1. Reprendre conscience de l’histoire réelle (désapprendre le récit dominant)

La première étape est souvent intellectuelle :

• Comprendre que l’Occitanie n’est pas “une région parmi d’autres”, mais un espace culturel et linguistique colonisé intérieurement (interdiction de la langue, humiliation scolaire, centralisation).

• Lire l’histoire du point de vue occitan :

◦ la Croisade contre les Albigeois,

◦ la destruction des institutions médiévales,

◦ l’imposition du français comme langue unique,

◦ la honte linguistique organisée.

• Identifier les mécanismes d’aliénation :

◦ folklore sans pouvoir réel,

◦ accent moqué,

◦ langue réduite à un “patrimoine” mort.

👉 Se décoloniser, c’est souvent d’abord nommer ce qui a été effacé.

2. Se réapproprier la langue (même imparfaitement)

La langue est centrale, mais sans culpabilité.

• Apprendre ou réapprendre l’occitan à ton rythme (cours, autodidacte, musique, réseaux).

• L’utiliser là où c’est possible :

◦ dans la famille,

◦ entre ami·e·s,

◦ sur les réseaux,

◦ dans la création (écriture, chant, humour).

• Accepter un occitan imparfait, hybride, vivant.

👉 Parler occitan n’est pas un examen de pureté :

c’est un acte politique doux, quotidien.

3. Décoloniser son regard sur soi-même

C’est souvent la partie la plus invisible.

Pose-toi ces questions :

• Ai-je intégré l’idée que “le français est supérieur” ?

• Est-ce que je considère ma culture comme “moins moderne”, “moins sérieuse” ?

• Ai-je honte de mon accent, de mes origines rurales, de mon nom ?

Travail de désaliénation :

• Revaloriser les savoirs locaux (rapport à la terre, au collectif, au temps).

• Refuser l’auto-dérision permanente imposée aux cultures dominées.

• Comprendre que la centralité parisienne n’est pas la norme universelle.

4. Créer plutôt que seulement préserver

La colonisation survit quand une culture est figée.
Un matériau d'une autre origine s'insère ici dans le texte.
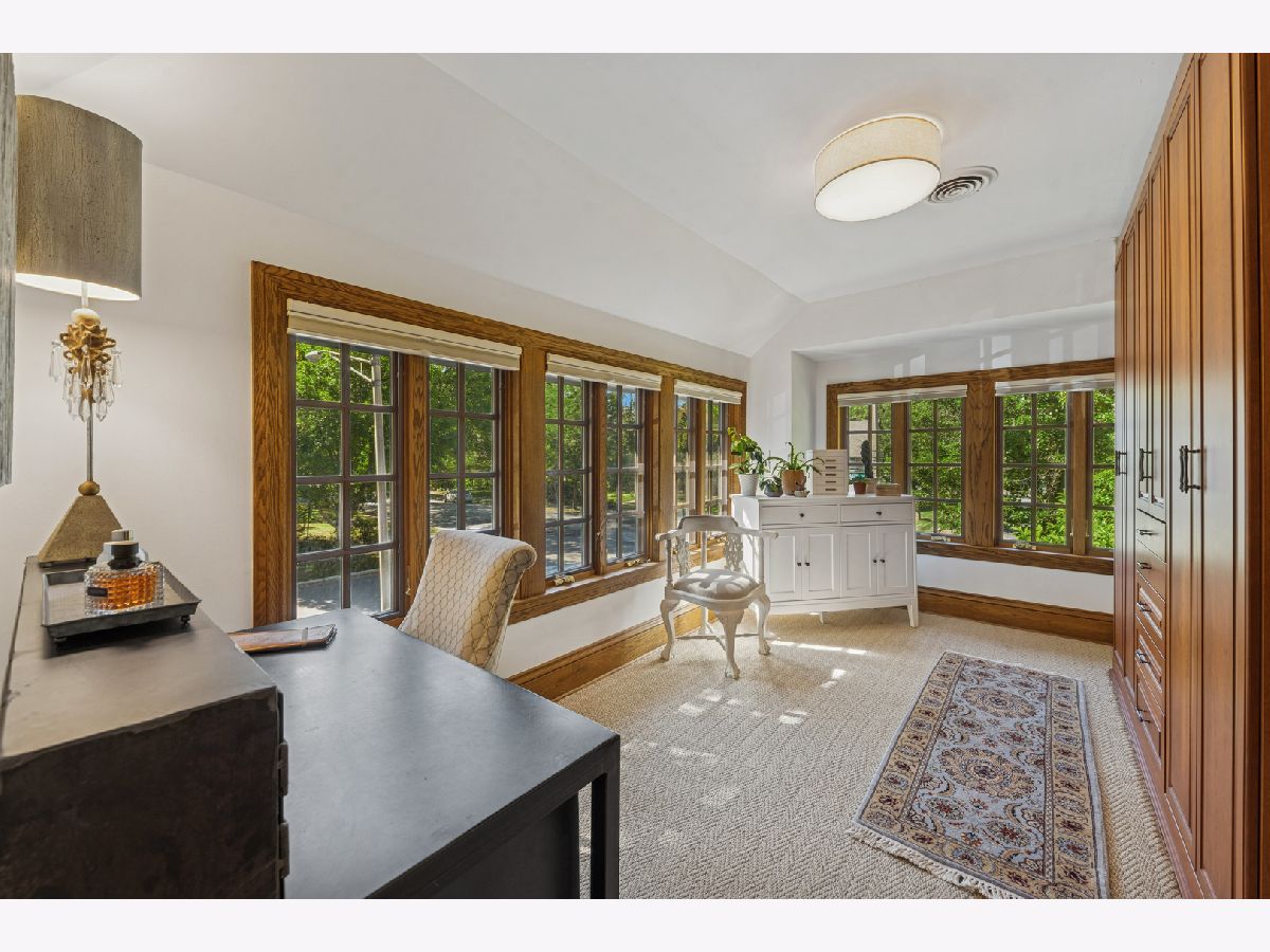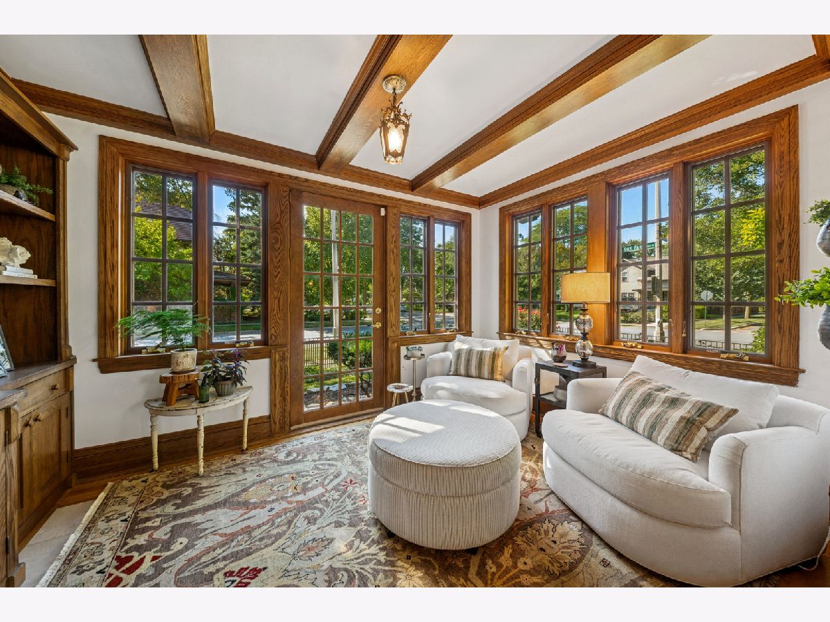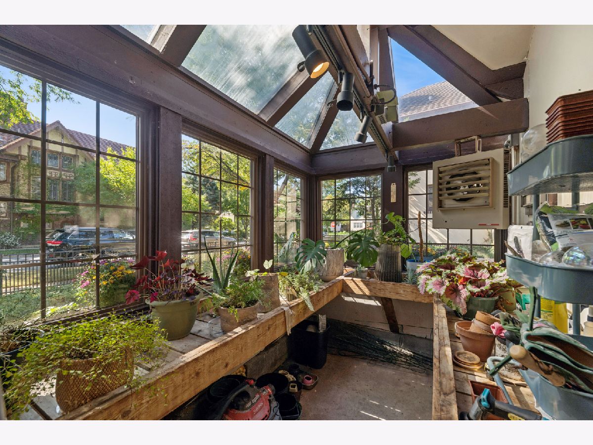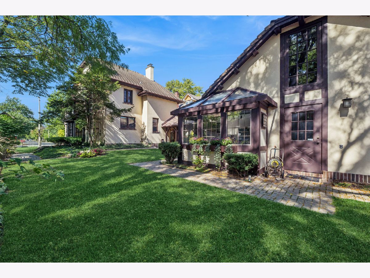 This distinctive home, located in the Frank Lloyd Wright Historical District and Mann school district, is a stunning combination of old world charm with modern amenities The home sits on a large corner lot completely enclosed with a new aluminum fence. Vibrant landscaping, recent stucco and trim paint also enhance the curb appeal. Beautiful historic period doors, wainscoting, trim and floors are all in excellent condition. The 9' ceilings and abundant windows adds to the rich character throughout. The sunken 1st floor sunroom adjacent to the living room is a favorite spot for relaxing all year long. The romantic ensuite features the second gas-burning fireplace, its own marble bath and sunken sitting room or office with built-ins for your wardrobe. The 3rd floor bedroom (currently used as a media room) is a 4th bedroom with its own full bath. The basement offers a rec room plus a play/hobby room, large laundry, office area and many storage and shelved areas. But wait, don't clutter up your basement! Look at the 25X22 walk-up loft or studio above the oversized (28X24) heated garage. For gardeners, your very own heated greenhouse attached to the garage. You'll feel like you are in the English countryside entertaining on your 28X10 covered patio. UPDATES SINCE PURCHASE: 2025 aluminum fence; all kitchen appliances, quartz countertops & backsplash, kitchen sink & garbage disposal; sump pump & sealed crock in basement; 3rd floor, sunroom and stairway carpet; new light fixtures & ceiling fan; new paint & wallpaper; new woven wood blinds in kitchen, & new window treatments throughout ADD'L UPDATES/FEATURES: 200 AMP Electrical service, Gas line hook-up for outdoor grill, Downstairs furnace 2022, Upstairs A/C 2021

• Créer en occitan ou à partir de l’occitan :

◦ musique contemporaine,

◦ rap, rock, électro,

◦ littérature actuelle,

◦ memes, vidéos, podcasts.

• Sortir du musée et de la reconstitution.

👉 Une culture vivante n’a pas besoin de permission.

5. S’inscrire dans des collectifs (sans dogmatisme)

La désaliénation est difficile seul·e.

• Associations culturelles occitanes

• Écoles Calandreta

• Collectifs artistiques ou militants

• Espaces de transmission intergénérationnelle

Mais attention :

• méfiance envers le purisme,

• méfiance envers la nostalgie paralysante,

• méfiance envers le repli identitaire.

👉 Se décoloniser ≠ se fermer

👉 Se décoloniser = se ré-enraciner pour mieux dialoguer

6. Politiser sans réduire

Enfin, pour certain·e·s, il y a une dimension politique :

• Défense des langues minorées

• Décentralisation réelle

• Droits culturels

• Reconnaissance juridique

Mais la désaliénation peut aussi être :

• culturelle,

• artistique,

• éducative,

• intime.

Il n’y a pas une seule voie légitime.

En résumé

Se décoloniser comme Occitan, c’est :

• reprendre conscience,

• retrouver une langue et une mémoire,

• refuser la honte,

• créer du vivant,

• transmettre,

• et choisir soi-même ce que signifie “être d’ici”.